The purpose and intent of the Open Records Act is to permit "the free and open examination of public records. " KRS 61.[871]. However, this right of access is not absolute. As a precondition to inspection, a requesting party must identify with "reasonable particularity" those documents which he wishes to review. OAG 89-81. Where the records sought are of an identified, limited class, the request satisfies this condition. If an agency then invokes KRS 61.872(6) to authorize nondisclosure of the requested records, it bears the burden of establishing, by clear and convincing evidence, that the request places an unreasonable burden in producing voluminous public records.

92-ORD-1261, p. 3. The records to which Ms. Stivers requested access were not identified with "reasonable particularity," nor were they of an identified, limited class. The Cabinet correctly notes that "such records may number in the thousands." Given the lack of specificity of this request, the Cabinet could not estimate the number of records it encompassed or the amount of time its employees would expend in locating, retrieving, and producing the records.

Ms. Stivers asked that the Cabinet provide her with copies of all records relating to her or containing her name for a four year period. In order to comply with such a request, the Cabinet would be required to review every record, regardless of physical form or characteristics, which was prepared, owned, used, in the possession of or retained by it in that period, to determine if Ms. Stivers's name appears in or on the record or if it relates to her. As the Cabinet correctly notes, this would include "home address lists, birthday lists, e-mail messages, case filings, routine correspondence and a myriad of other documents." Although "it is the legislative intent that public agency employees exercise patience and long-suffering in making public records available for public inspection, "OAG 77-151, p. 3, public employees "are the servants of all the people and not only of persons who may make extreme and unreasonable demands on their time." OAG 76-375, p. 4. As framed, Ms. Stivers's request imposes an unreasonable burden on the Cabinet.

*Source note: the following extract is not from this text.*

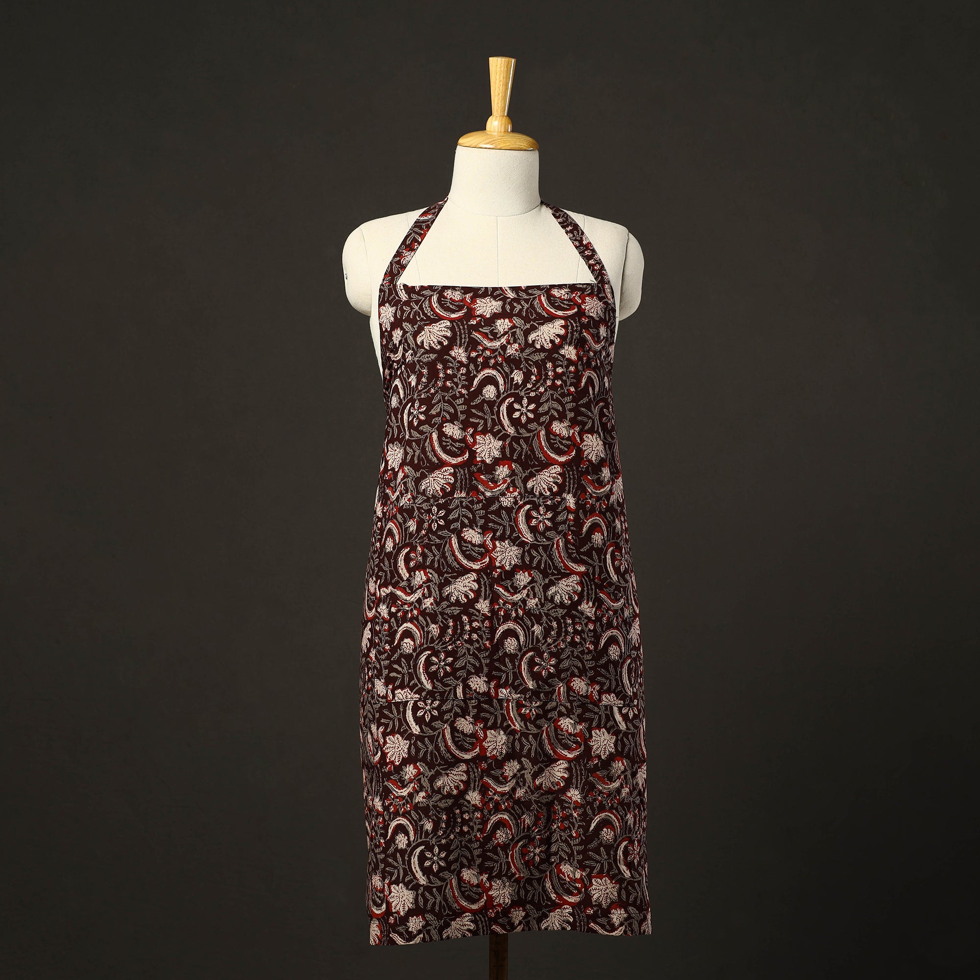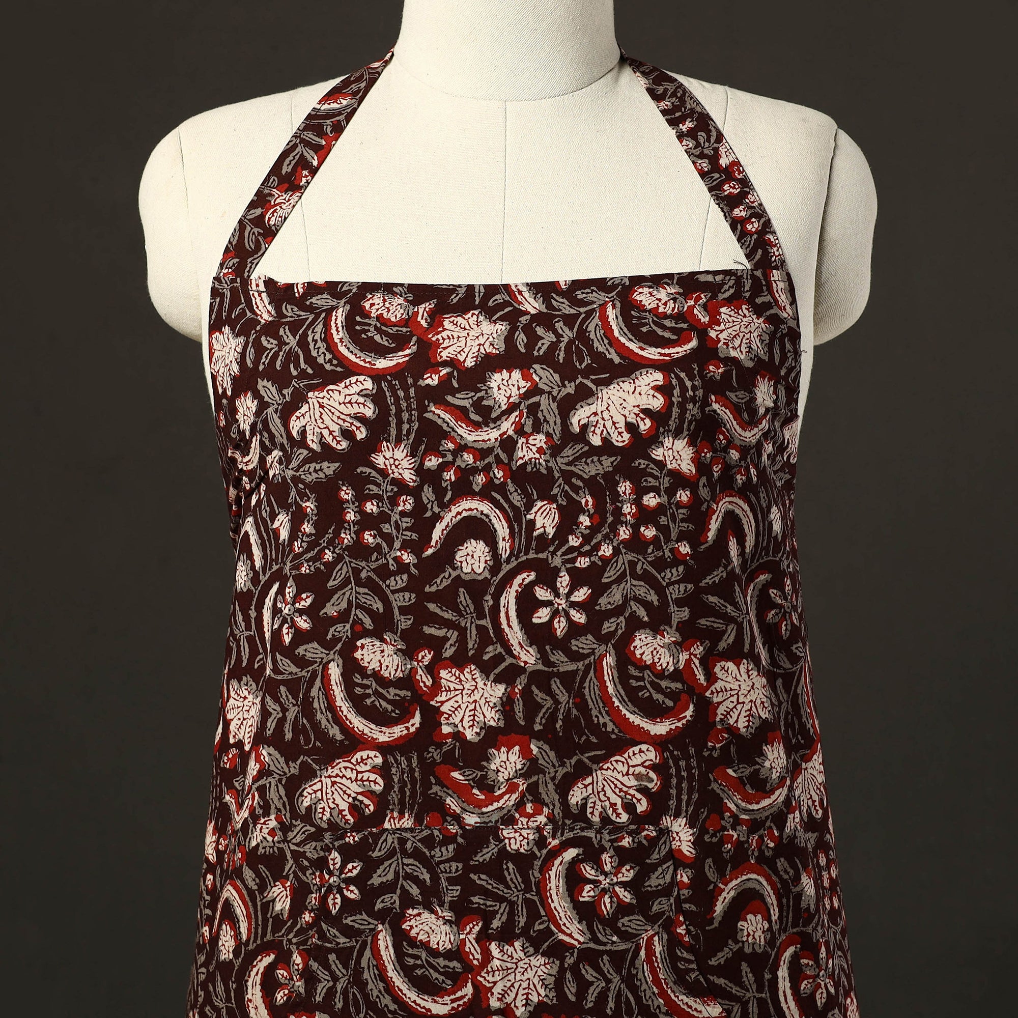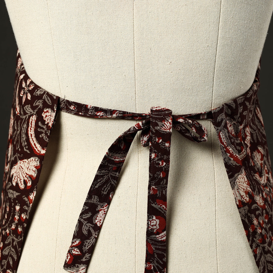 This brown bagru print cotton apron with pocket, crafted with traditional bagru block printing, combines cultural artistry with everyday functionality. Adorned with bagru prints, it features a convenient front pocket and adjustable straps for a comfortable fit. Perfect for cooking, baking, or grilling, this apron adds style and convenience to your kitchen essentials.

Our conclusion is not altered by the existence of KRS 61.878(3). That statute provides:

No exemption in this section shall be construed to deny, abridge, or impede the right of a public agency employee, including university employees, an applicant for employment, or an eligible on a register to inspect and to copy any record including preliminary and other supporting documentation that relates to him. The records shall include, but not be limited to, work plans, job performance, demotions, evaluations, promotions, compensation, classification, reallocation, transfers, layoffs, disciplinary actions, examination scores, and preliminary and other supporting documentation. A public agency employee, including university employees, applicant, or eligible shall not have the right to inspect or to copy any examination or any documents relating to ongoing criminal or administrative investigations by an agency.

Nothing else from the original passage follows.